On the one hand, the division of the labeling numbers is based on Cantor’s set theory, which states that numbers not only converge to infinity but that there are infinities larger than others. Based on this theory, we assign words a finite probability of occurrence that in our particular case, it is from 0 to 100. We divide this probability into 6 levels (0 to 5) to catalog the words that form the text. On the other hand, the value given to each of these words is based on the criteria of the research psychologists, based on different theories.
For the burnout metric, they have taken into account the three variables on which the Maslach Burnout Inventory questionnaire was based, which are emotional exhaustion, depersonalization and low personal fulfillment. The Maslach Burnout Inventory is the classic and most used measure of burnout, published in 1981 by Maslach and Jackson, when they managed to establish some criteria for measuring and evaluating burnout. Therefore, this instrument is standardized. When running this questionnaire, a Likert-style scale ranging from 0 to 6, from never to always, is use. According to Gil-Monte, Salanova, Aragón and Schaufeli this instrument is useful to make a first measurement of burnout among employees and it allows the comparison of results obtained with a normative sample of the working population in the country being analyzed.

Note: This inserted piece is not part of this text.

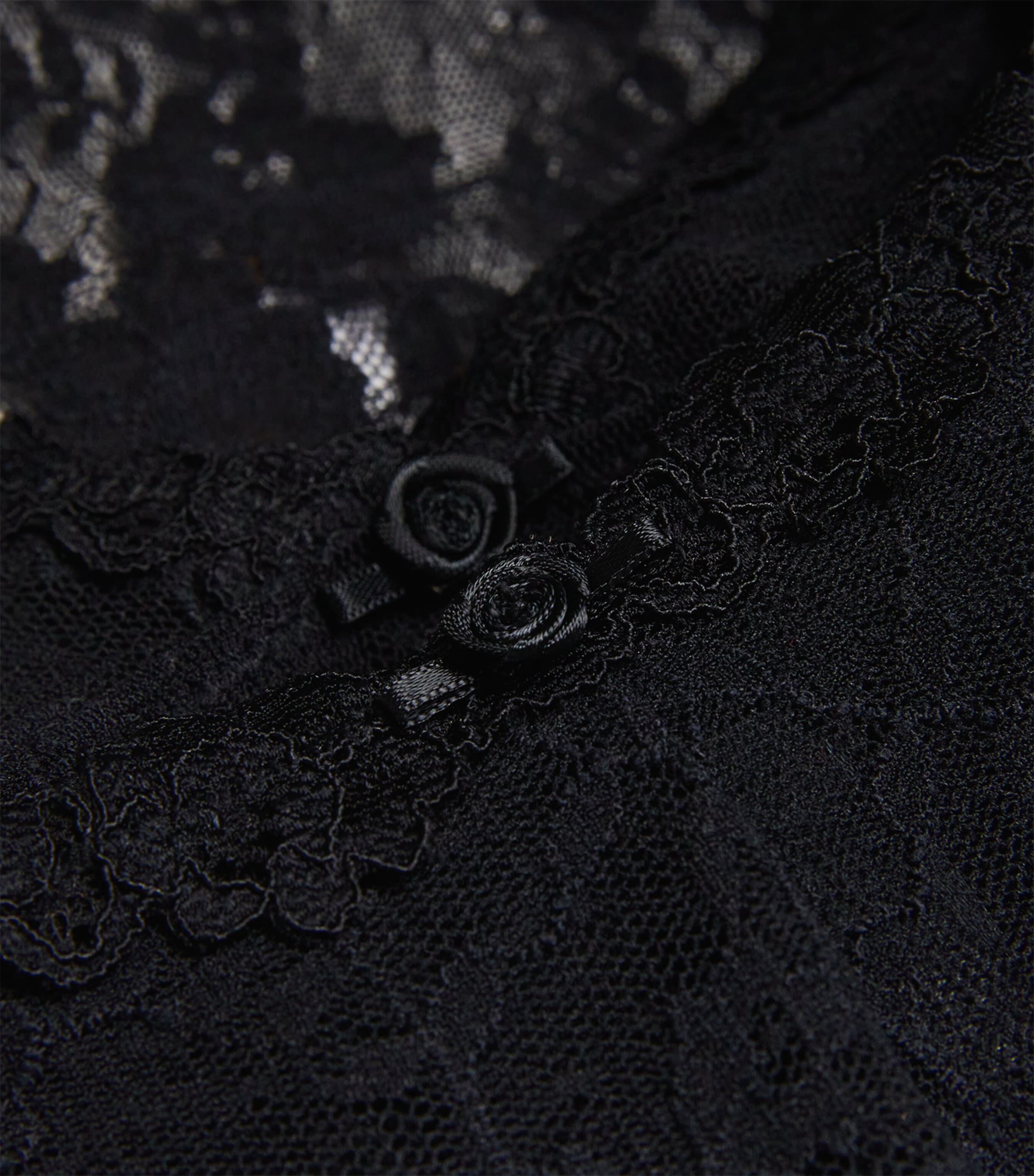 طقم سكيمز قميص داخلي وشورت أسود من الدانتيل المطاطي على شكل مثلث

For the engagement metric, we have considered the Utrecht Scale of Engagement at Work (Wilmar Schaufeli and Arnold Bakker, 2003). This instrument also uses a Likert-style scale ranging from 0 to 5. It has both an English and a Spanish version.
For the friction metric, we have taken into account the Measurement of human service staff satisfaction: Development of the Job Satisfaction Survey (Spector,1985).

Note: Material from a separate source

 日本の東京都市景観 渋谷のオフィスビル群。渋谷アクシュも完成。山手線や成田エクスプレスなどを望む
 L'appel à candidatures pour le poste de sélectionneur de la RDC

Accordingly, when Erudit AI’s research psychologists label the data, they assign manually to them a value from 0 to 5 depending on the level of burnout, engagement and friction that each text represents. Once the labelling is completed, they train the Neural Networks in order to obtain the highest possible reliability to human judgment.

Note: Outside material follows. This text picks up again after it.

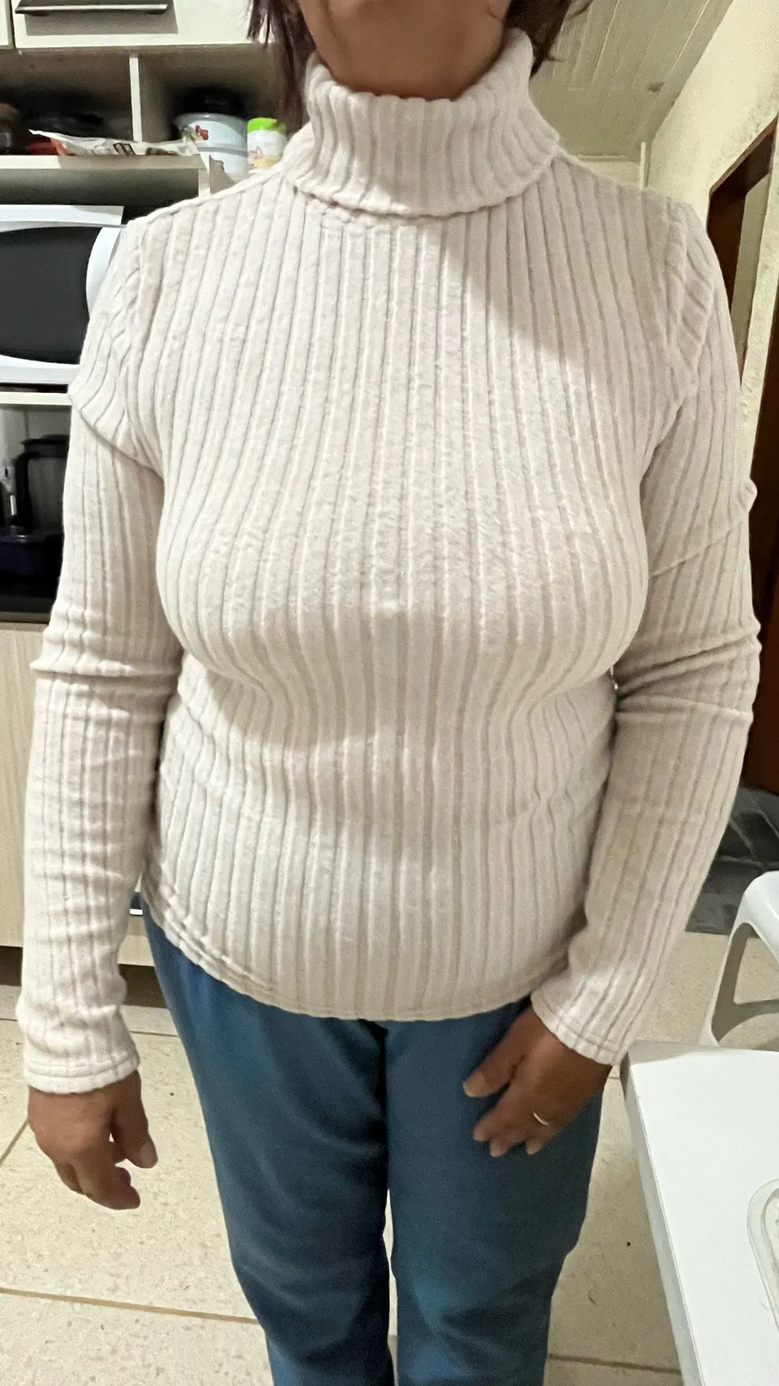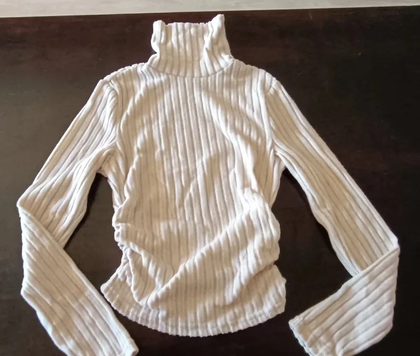 The sweater is great! Very pleasant to the touch. The color is beautiful. Everything is as described. High collar. I really liked it. I recommend.

Artificial Intelligence learns, automates and semantically links neighboring words in a different manner, in order to grab the communication's context. For this reason if we only apply a qualitative analysis method without algorithmic learning, we might lose text nuances. This combined AI method is known as Data-Driven Analysis (Rodriguez et al., 2011).
Neural Networks not only analyze the words individually, they understand the context and know how to interpret the meaning of each word in a sentence. Here is an example to help us understand this:
Neural Networks analyze the words and give them a value depending on the other words with which they are accompanied. For example, the word “depression” which is a very meaningful word, will not be evaluated in the same way if it goes after “I am suffering from” than if it goes after “Help me describe what I have” or “Help me describe what”. Neural Networks will clearly identify that in the first sentence above this word is not giving information about the person.
The application of NLP has an important advantage: the researcher or psychologist does not have to interpret the texts, and it is the algorithms that, by learning from data, generate results.